# TiVoNet (Turbonet) drivers



## einstein (Jul 19, 2001)

Well it had to happen one day, the original 40GB hard drive has failed in my TiVo not bad for 9 years, 24/7/365, it's a shame that the latest Segate 7200.12 are not as reliable! Whoops sorry off topic!

I cannot seem to find the original turbonet drivers anywhere?

A long time ago, there were no scripts to install turbonet I downloaded the .o drivers from 9th tee, and it was all done by hand, insmod etc

but I'm struggling to find the drivers......

any pointers?

this is not a cachecard, it's a tubonet I think! My other tivo still has original tivonet, with ne2000 network card! (still working)


----------



## cwaring (Feb 12, 2002)

I'm sure that someone will know where they are on-line, but if not, I have an ISO or two here that may help you


----------



## bigwold (Jun 4, 2003)

You will find them at http://forum.technicalpeak.com
Simples


----------



## cwaring (Feb 12, 2002)

bigwold said:


> Simples


NOOOOOOOOOOOOOOOOOOOOOOOOOOOOOOOOOOOOOOOOOOOOOO!!!!!!!


----------



## einstein (Jul 19, 2001)

bigwold said:


> You will find them at http://forum.technicalpeak.com
> Simples


the links to the isos are busted! as Mr Waring has pointed out!


----------



## einstein (Jul 19, 2001)

cwaring said:


> I'm sure that someone will know where they are on-line, but if not, I have an ISO or two here that may help you


if I cannot get at the drivers off a friends TiVo, I'll give you an ftp host of ours to upload these isos to!

e


----------



## mikerr (Jun 2, 2005)

Have a look at the bottom of www.tivocentral.co.uk/downloads :up:


----------



## cwaring (Feb 12, 2002)

einstein said:


> the links to the isos are busted! as Mr Waring has pointed out!

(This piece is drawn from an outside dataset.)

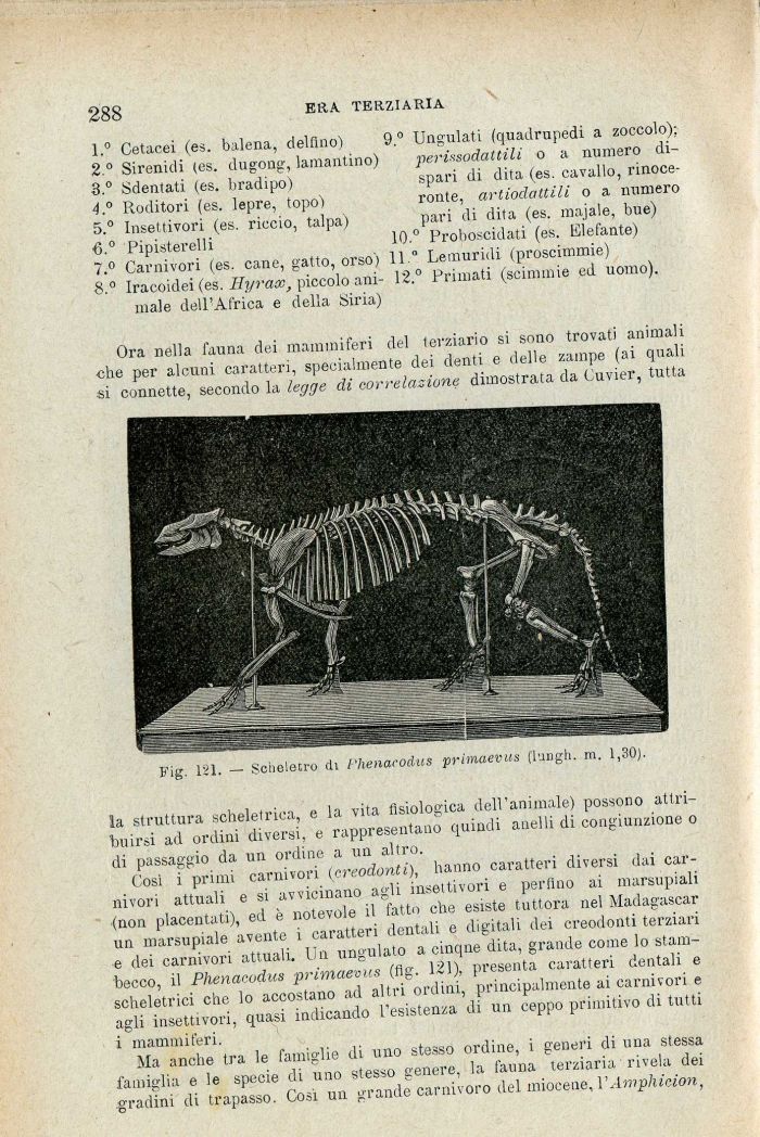 Così i primi carnivori (creodonti), hanno caratteri diversi dai carnivori attuali e si avvicinano agli insettivori e perfino ai marsupiali (non placentati), ed è notevole il fatto che esiste tuttora nel Madagascar un marsupiale avente i caratteri dentali e digitali dei creodonti terziari e dei carnivori attuali. Un ungulato a cinqne dita, grande come lo stambecco, il Phenacodus primaevus (fig. 121), presenta caratteri dentali e scheletrici che lo accostano ad altri ordini, principalmente ai carnivori e agli insettivori, quasi indicando l'esistenza di un ceppo primitivo di tutti i mammiferi.

Ermmm.. no. Didn't know that. Not what I meant 



mikerr said:


> Have a look at the bottom of www.tivocentral.co.uk/downloads :up:


Yep. That's the one.


----------



## bigwold (Jun 4, 2003)

cwaring said:


> Ermmm.. no. Didn't know that. Not what I meant


I knew what you meant.
Simples


----------



## einstein (Jul 19, 2001)

mikerr said:


> Have a look at the bottom of www.tivocentral.co.uk/downloads :up:


I've had a look at the driver modules on that cdrom, there are turbonet.o and turbonet2.o, these drivers don't ring a bell with me, because it wasn't called turbonet when I purchased it.

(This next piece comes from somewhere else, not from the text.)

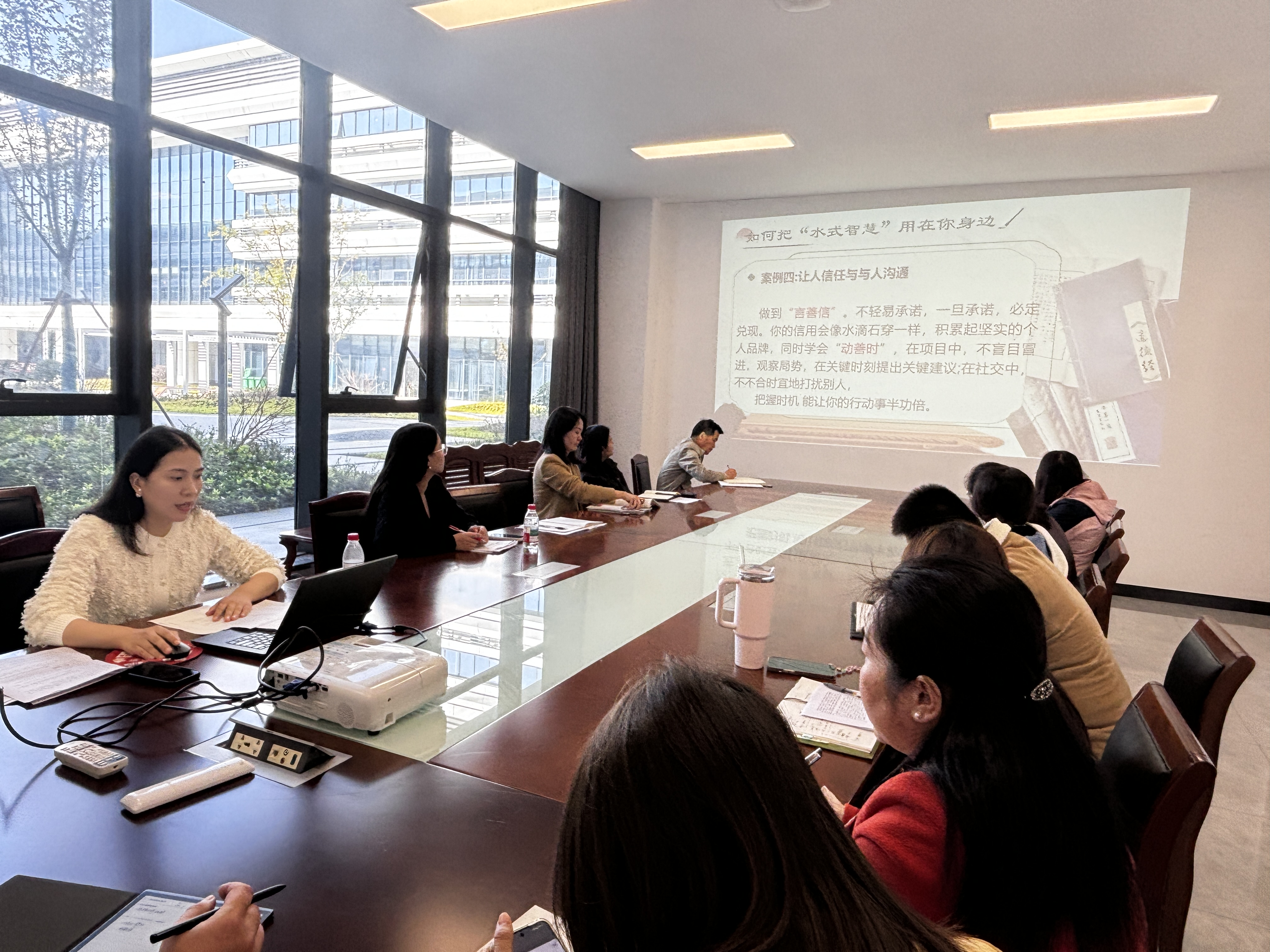 活动伊始,毛青云带来课例《以水为镜悟智慧,儒道互补润成长——老子八章》,将经典智慧与现代生活深度融合,形式新颖且富有实效。课程注重活学活用,将经典智慧转化为行动指南。课堂打破传统经典教学模式,让学生在互动体验中感悟传统文化魅力,实现知识学习与素养提升的双重目标。

I'm sure the driver was a number.o e.g. 725728.o or something like that.

Will these drivers work?

again as I said, when I first did the config, you had to do it manually "by hand" there was no cdrom or scripted install.....

e


----------



## cwaring (Feb 12, 2002)

Was it a 'Terbonet'? If so then I have one and, as far as I know, those drivers will work fine. The card is simply a copy of the original; possibly reverse-engineered, but a copy nevertheless.


----------



## einstein (Jul 19, 2001)

cwaring said:


> Was it a 'Terbonet'? If so then I have one and, as far as I know, those drivers will work fine. The card is simply a copy of the original; possibly reverse-engineered, but a copy nevertheless.


well once upon a time it was purchased as TiVoNet, later the name changed to Turbonet, but it looks like, what is pictured on 9th Tee (where purchased), as Turbonet.

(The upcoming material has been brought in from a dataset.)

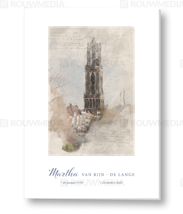 Rouwkaart met Utrecht Domtoren | Rechthoekig

I'll have to compare the actual board with the picture.

e


----------



## cwaring (Feb 12, 2002)

I still think the drivers will work. Or, to put it another way... I don't see why they _shouldn't_ work


----------



## RichardJH (Oct 7, 2002)

If it is TivoNet does this bring back memories http://www.9thtee.com/tivonetusage.htm


----------



## mikerr (Jun 2, 2005)

ax88796.o = older turbonet driver (superceded by the ones below)

turbonet.o = turbonet driver
turbonet2.o = cachecard driver


----------



## einstein (Jul 19, 2001)

mikerr said:


> ax88796.o = older turbonet driver (superceded by the ones below)
> 
> turbonet.o = turbonet driver
> turbonet2.o = cachecard driver


Thanks to all that replied, yes that's the driver ax88796.o, I never updated it, to be honest I didn't know that a newer one had been released.

Anyway, I thought I would just close/end the thread, the hard drive wasn't dead! and also add some helpful info to other folk. Something that was trouble-ing me, was that the TiVo would power-up, and then shortly after the disk would go clunk-clunk-clunk and the TiVo would switch off, I remembered my father's first TiVo did a similiar thing, and by using a PC power supply to power the disk, it worked, so I concluded it was the TiVo PSU was duff, replaced it with a new, and all was okay.

What puzzled me, was I removed the original Quantrum drive, and inserted into another non-production TiVo, and it wouldn't startup at all, inserted that disk from that TiVo into the "suspect one" and it worked! Same make and model of drive. I was about to insert a new disk into my special PC rig for testing disks to installed the NIC drivers, and I thought I would just connect the "original suspect failing disk" on the PC, the disk fired up okay, no clunking noise, so I ran the original Quantum RMA disk test on the disk, it passed the Quick tests with no issue, so I ran the full test, after a few hours this passed with flying colours.

So I removed the PSU from the TiVo replaced with a new unit, and hey presto old TiVo and old 10+ year old hard disk sparked into life, working a treat again!

10+ years on a Quantum Fireball, fantastic drives! I just wish newer Segates 7200.10, .11 and .12 would last 8 months!

The only thing I can think of is my super duper, anti-surge Mastercare gang 10-way socket, when I re-connected the supply, a surge affected the TiVo supply and killed my Alba STB!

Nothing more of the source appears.